I’m mostly offline today, since I’m attending a payments conference at the Kansas City Fed. (And tomorrow I’m attending an econobloggers’ conference at the Kauffman Foundation: how jealous are you?) There’s a lot to digest here, but one thing already seems clear: if you look at the main players in the payments industry, whether they’re incumbents or new innovators who aspire to disrupting the status quo, everybody seems almost unthinkingly resigned to working on and within the present architecture, where consumers pay with their credit or debit cards, and merchants require some kind of way of accepting those payments.

Exhibit A, in this regard, is “The Credit Card Is The New App Platform“, a piece by Reid Hoffman and his colleagues at Greylock Partners, talking in a very smart way about all the value that can be added to credit cards as we move to a world of mobile apps and payments. The idea, basically, is that right now you have a dumb piece of plastic where all the real value is in that Visa or Mastercard logo; in the future, there’s a lot of opportunity in terms of making that piece of plastic much smarter.

Most of the most exciting innovation in payments, including companies like LevelUp, not to mention the iTunes store, is built on credit or debit card accounts: the first thing you do, when you download one of those apps, is type in your card number, and when you pay, the payment is ultimately made on your card — which means that it necessarily involves making substantial payments to those payments networks. iTunes, the conference was told this morning, has some 150 million card numbers on file, which is one reason why it’s so attractive to people looking to sell content or apps or music. Similarly, one of the great attractions of the Amazon Marketplace, for both buyers and sellers, is that Amazon already has the buyer’s card information on file. Other innovators, like Square and Stripe, are also innovating around credit and debit cards, specifically by making it much easier for the payee to accept those payments.

Visa and Mastercard, of course (and American Express, too) are very happy with this. They can work on innovations themselves, or they can outsource innovation to the likes of Reid Hoffman; either way, they get paid, because they’re the default payments architecture. But what we’re missing here is any kind of threat to their dominance. And that’s a great shame, because these dominant companies have an enormous amount of pricing power. The interchange fees that they charge merchants only ever go up; it took an unbelievably hard-fought act of Congress to bring those fees down just for bank debit cards. (Which is one reason why the number of prepaid debit cards is rising fast: they’re exempt from Durbin rules, and can charge very high interchange fees.)

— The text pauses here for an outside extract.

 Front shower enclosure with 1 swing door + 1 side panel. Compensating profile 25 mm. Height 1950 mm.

The keynote speech at the payments conference today came from Joseph Farrell, the director of the bureau of economics at the Federal Trade Commission. He talked at great length about the importance of lowering the transaction cost of payments, and the way that would benefit both consumers and society; he also suggested that this was a key aspect of what the conference was about.

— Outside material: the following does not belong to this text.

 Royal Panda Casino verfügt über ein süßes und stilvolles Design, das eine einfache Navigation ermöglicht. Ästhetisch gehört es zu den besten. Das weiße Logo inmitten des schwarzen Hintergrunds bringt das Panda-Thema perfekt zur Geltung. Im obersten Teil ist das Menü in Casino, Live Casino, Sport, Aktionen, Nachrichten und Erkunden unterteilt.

He’s right about the first: transaction costs are too high, and should come down, and there would be large positive externalities were that to happen. He’s wrong about the second, however: there’s actually precious little discussion at the conference about how transaction costs might come down. There’s much more talk about the way in which they go up far too easily: Visa and Mastercard have enormous pricing power, and can raise their prices as much as 30% without noticeably losing any customers at all. Merchants feel forced to accept such cards, no matter what the cost, while the costs to consumers, in the form of higher prices, are extremely well hidden. Visa and Mastercard essentially levy a non-negligible tax on a huge percentage of retail payments, and do so in a largely invisible manner; they then rebate some of that tax revenue back to consumers, bribing those consumers to force the merchants to pay the tax.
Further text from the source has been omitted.